### Activity
What you write should match, word for word, the lines from the one containing "pt cruiser tilt" through the end of the data, with no pictures.

[Source records]
----

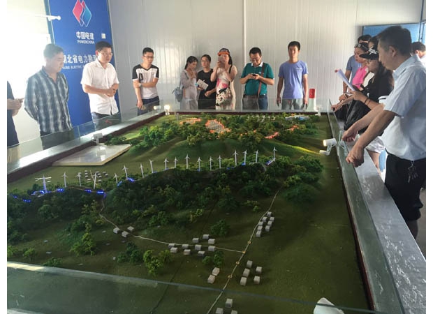 记者团来到中电建十里100兆瓦风光一体化发电场,该项目总投资8.8亿元,占地1900多亩,项目规划建设容量100兆瓦,采用了风光一体化模式。于2015年12月28日开工建设,2016年6月28日实现了并网发电。在场区内山脊上布置50兆瓦低风速山地风力发电场,该项目投资4.5亿元,占地300亩,计划 2017年10月份全部建成并网发电。
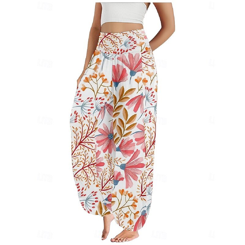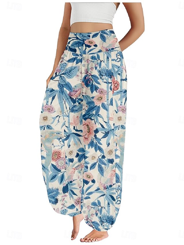 Women's Linen-Inspired Pants Wide Leg Pants Trousers Ethnic Style Casual Boho Full Length High Waist Floral Pocket Elastic Waist Printing Breathability Soft Micro-elastic Outdoor Yoga Light Green 24
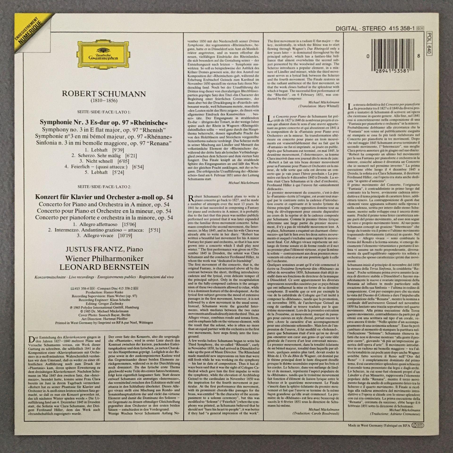 O612 Schumann Symphony Piano Concerto Bernstein VPO DGG 415 358-1 Digital St
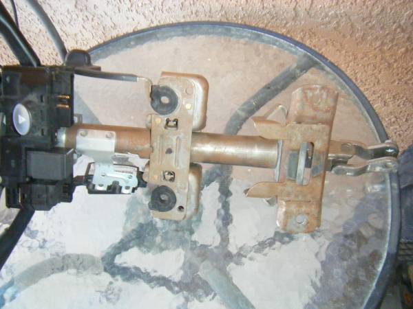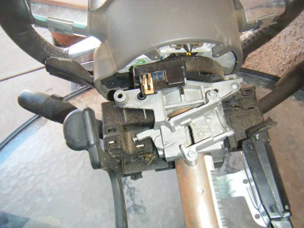 pt cruiser tilt steering column with indicator cluster , great leather wrapped steering wheel complete, needs ignition switch and housing replaced. great buy just for the leather wrapped steering...
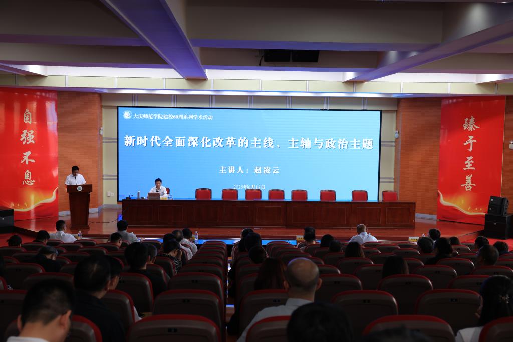 为深入学习贯彻新时代全面深化改革的重要精神,6月18日下午,公司在博雅讲堂举办“新时代全面深化改革的主线、主轴与政治主题”专题学术讲座,讲座由大庆市社科联、英国正版365官方网站科研处主办,由英国上市公司365、“大庆精神与龙江西部经济社会发展研究中心”省级重点培育智库,大庆市新时代文明实践与乡村振兴研究会、大庆市经济学会承办。此次讲座特邀华中师范大学二级教授赵凌云担任主讲嘉宾,公司党政班子成员、副处级以上干部、第六期青年干部特训营学员、英国上市公司365和马克思主义公司全体教师参会,共同聆听学习。
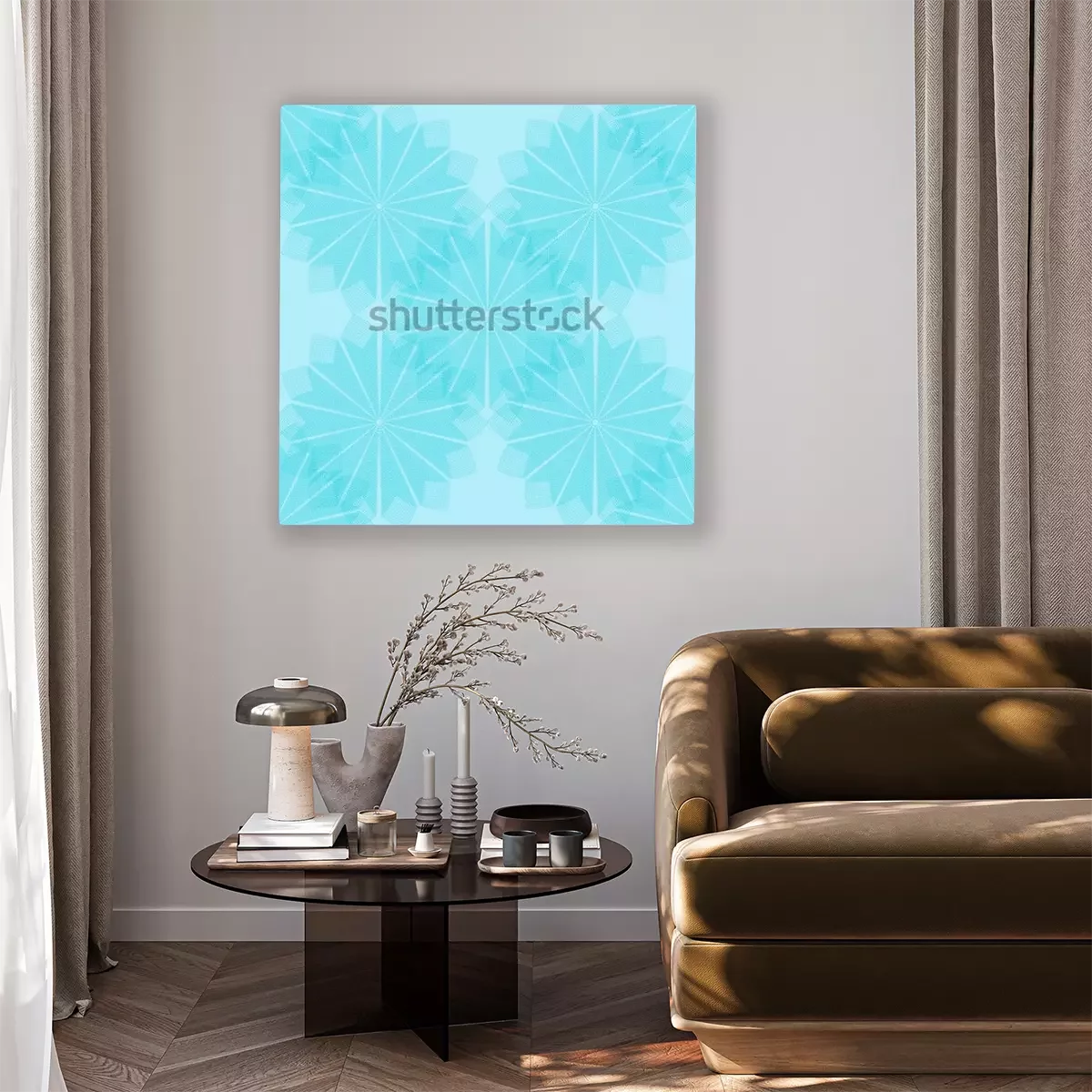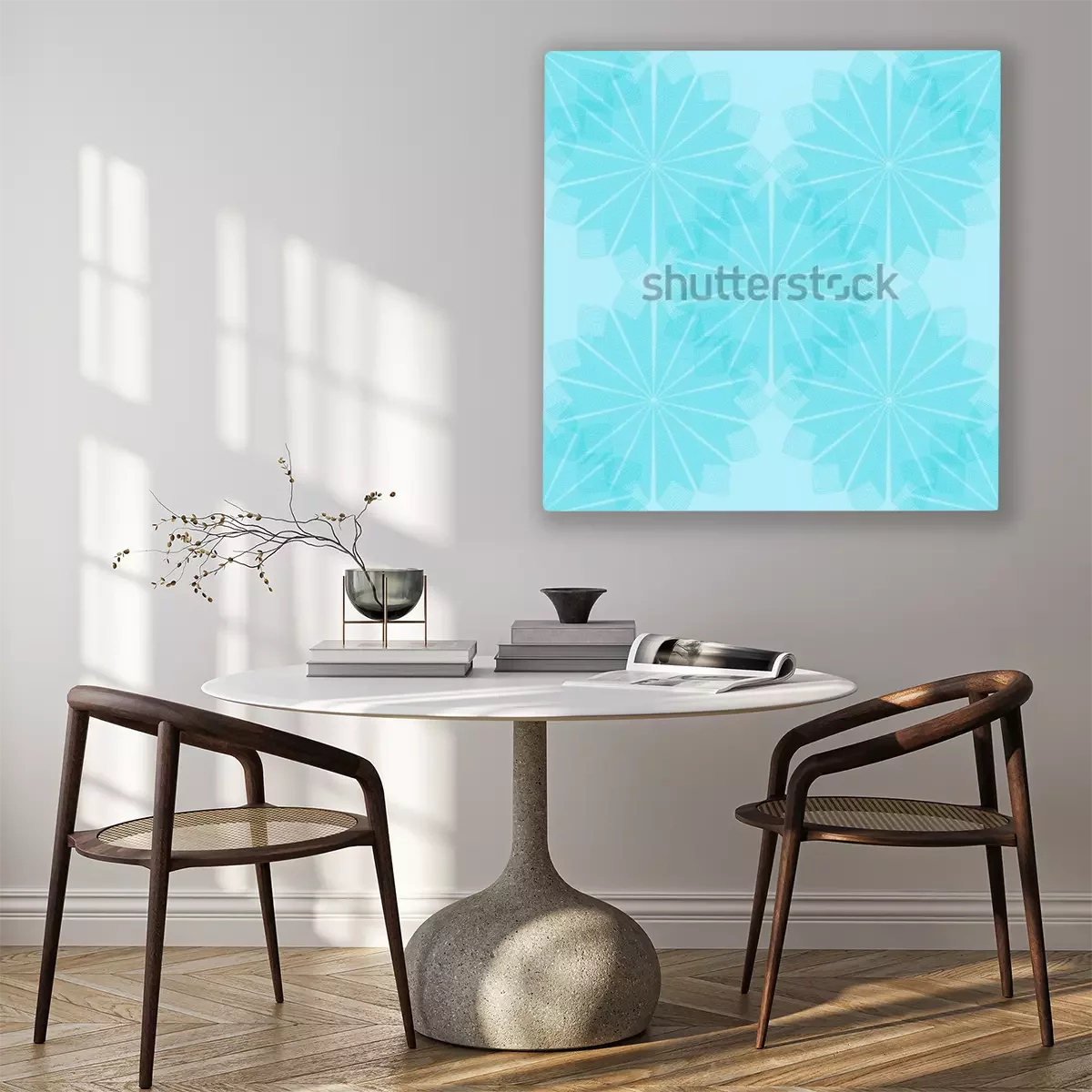 Tableau  Motif de fleurs cyan. Vectorielle continue

----

### Answer box
 pt cruiser tilt steering column with indicator cluster , great leather wrapped steering wheel complete, needs ignition switch and housing replaced. great buy just for the leather wrapped steering...
 为深入学习贯彻新时代全面深化改革的重要精神,6月18日下午,公司在博雅讲堂举办“新时代全面深化改革的主线、主轴与政治主题”专题学术讲座,讲座由大庆市社科联、英国正版365官方网站科研处主办,由英国上市公司365、“大庆精神与龙江西部经济社会发展研究中心”省级重点培育智库,大庆市新时代文明实践与乡村振兴研究会、大庆市经济学会承办。此次讲座特邀华中师范大学二级教授赵凌云担任主讲嘉宾,公司党政班子成员、副处级以上干部、第六期青年干部特训营学员、英国上市公司365和马克思主义公司全体教师参会,共同聆听学习。
 Tableau  Motif de fleurs cyan. Vectorielle continue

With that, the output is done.